Top of Data records
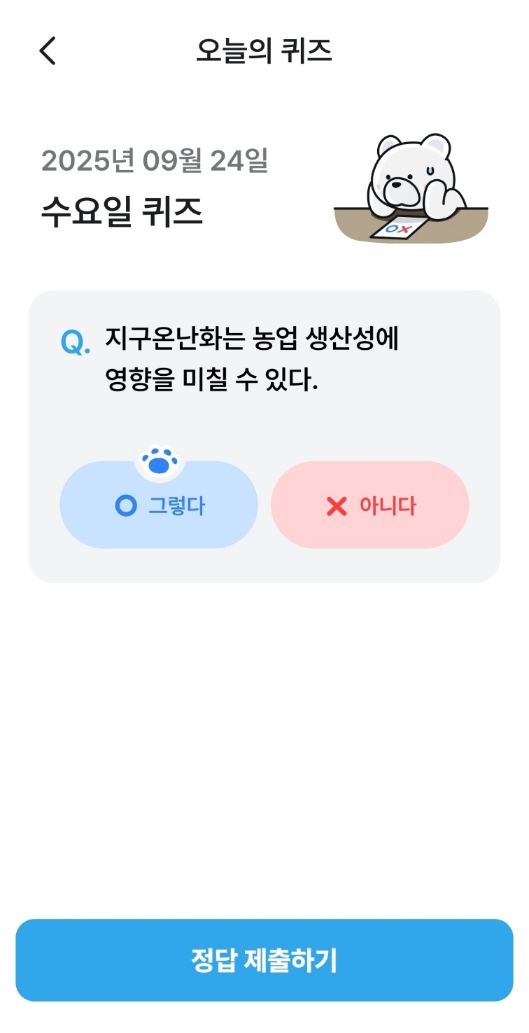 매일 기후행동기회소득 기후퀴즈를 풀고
Bottom of Data records
Top of Data records
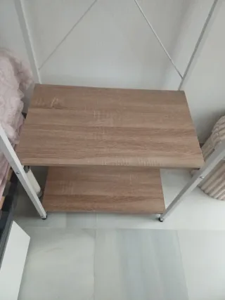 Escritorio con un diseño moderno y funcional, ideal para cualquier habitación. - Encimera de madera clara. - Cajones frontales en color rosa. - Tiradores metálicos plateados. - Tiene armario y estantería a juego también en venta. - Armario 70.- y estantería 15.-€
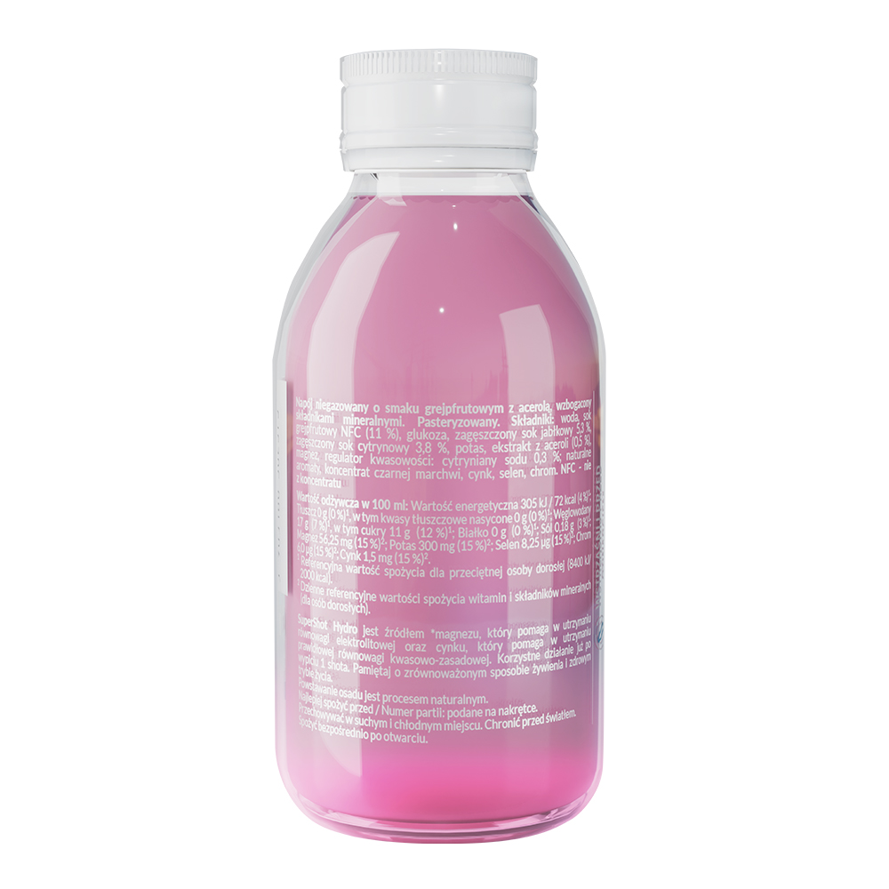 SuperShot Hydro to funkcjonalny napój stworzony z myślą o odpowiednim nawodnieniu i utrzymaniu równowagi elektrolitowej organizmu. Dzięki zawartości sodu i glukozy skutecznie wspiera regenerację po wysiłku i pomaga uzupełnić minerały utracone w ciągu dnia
Bottom of Data records
Taking the entries above, copy word for word the lines from the one with "Escritorio con un" up to and including the one with "SuperShot Hydro to", without any picture.

Written response —
 Escritorio con un diseño moderno y funcional, ideal para cualquier habitación. - Encimera de madera clara. - Cajones frontales en color rosa. - Tiradores metálicos plateados. - Tiene armario y estantería a juego también en venta. - Armario 70.- y estantería 15.-€
 SuperShot Hydro to funkcjonalny napój stworzony z myślą o odpowiednim nawodnieniu i utrzymaniu równowagi elektrolitowej organizmu. Dzięki zawartości sodu i glukozy skutecznie wspiera regenerację po wysiłku i pomaga uzupełnić minerały utracone w ciągu dnia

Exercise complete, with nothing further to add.